Change. Ugh. It's a word I dread and there's been a lot of it recently with more on the way. I'm learning to accept it, but that doesn't mean it gets any easier.
Jenna graduates this week which has led me to reminisce about the past three years. As I've been reflecting on our friendship, I've realized something: I'm a true believer in the idea that people are placed in our lives for a reason. (cue the Wicked music). But, really. Jenna has been a friend, adopted sister and confidant for 3 years and it's no coincidence. How, as an incoming freshman, would I ever guess my resident assistant would become a dear friend?!

Jenna has always been 100% supportive of everything I do. listening to me complain about PA woes? Sharing ambitious dreams? Rants about math classes? Pep talks before tests (or anything else hard)? Sincere advice or compliments? Sitting next to me while I sit on the kitchen floor and cry? You bet. All of the above. Support always comes from Jenna. Having a true friend behind me during these extremely challenging few years has been a blessing I can't even begin to put into words. I really don't feel I could've survived this far without her.
Some of my best memories involve summertime trips to tiki shack, front porch chats, white collar marathons, drives up the hill, and blasting Karmin in your car. You've always helped me get of my shell, get out of my comfort zone and convinced me that sitting at home reading politicians autobiographies should only be done in moderation.
But really. Who else will stay up into the wee hours of the morning with me talking about campaign strategies, aspirations for future non-profit projects, and a love and passion for everything Southern Utah University? That's a person who'll be hard to come by.
One of the things that makes me happier than just about anything else is sharing in the successes of my friends
(Yes, I always feel like a proud mother). I am constantly in awe of the incredible people I am surrounded by. Jenna, I would gladly help you memorize all of the trustee's names before your interview, help edit your application for EWB, tear up when you accept a t-bird award, make posters for your Dancing With the Stars competition, buy you ice cream when you find out you're going to NACA etc. etc. etc. all over again. You have achieved many great things and it makes me SO incredibly happy. And you've done the exact same thing for me, and I thank you.

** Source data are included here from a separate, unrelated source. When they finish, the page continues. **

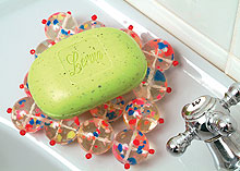 Egy-két tarka kiegészítő is sokat javít a legegyszerűbb, fehér csempés fürdő látványán. Főleg akkor, ha még egy kis játékosságot is viszünk a dologba.
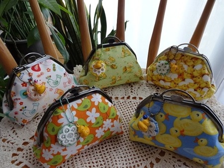 ひよこの鈴付きがま口ポーチ
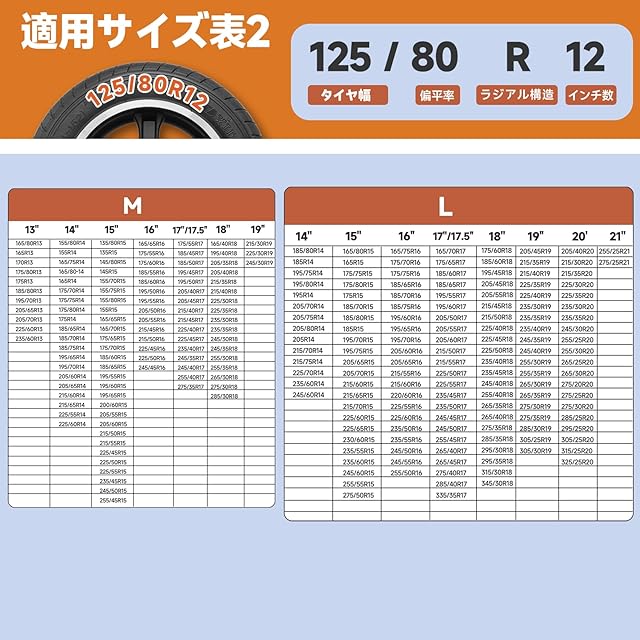 S適応タイヤ:155/60R15、155/65R15、165/50R15、165/55R15、165/60R15、175/50R15、175/55R15、175/60R15、185/50R15、185/55R15、195/45R15、195/50R15、205/40R15、205/45R15、205/50R15、215/45R15、165/45R16、165/50R16、175/50R16、185/50R16、195/40R16、195/45R16、205/40R16、205/45R16、215/40R16、225/40R16、255/35R16、165/35R17、165/40R17、185/35R17、195/40R17、215/35R17、225/35R17、165/35R18、245/25R18、255/25R18、265/25R18、275/25R18

I could go on and on but the tears are starting to flow and I'm sitting at the front desk of the Welcome Center
(embarrassing). I know you're not going away forever...thank goodness for modern technology including skype, text, calling etc. To put it simple, there's going to be a void here come Sunday morning. A void I'm not sure I know how (or if I want) to replace. It will be different at SUU without you here. I'm not looking forward to it, but whether I like it or not, its happening. Yet, I know that friendship is more than these college memories we've shared, the ups and downs, the happiest of successes and the darkest of days. It will continue to be strong--that much I know. And I couldn't be more excited about that! You'll just be a little bit further away...that's all.
One of my favorite narratives from my favorite TV show
(I'll let you fill in the blank on that one) says
:
"This guy's walking down the street when he falls in a hole. The walls are so steep he can't get out. "A doctor passes by and the guy shouts up, 'Hey you. Can you help me out?' The doctor writes a prescription, throws it down in the hole and moves on. Then a priest comes along and the guy shouts up, 'Father, I'm down in this hole can you help me out?' The priest writes out a prayer, throws it down in the hole and moves on. Then a friend walks by, 'Hey, Joe, it's me can you help me out?' And the friend jumps in the hole. Our guy says, 'Are you stupid?! Now we're both down here!' The friend says, 'Yeah, but I've been down here before...and I know the way out.'"
Happy Graduation, Jenna. You've got big opportunities coming your way, I just know it. Thanks for always being willing to jump in the hole and show me the way out.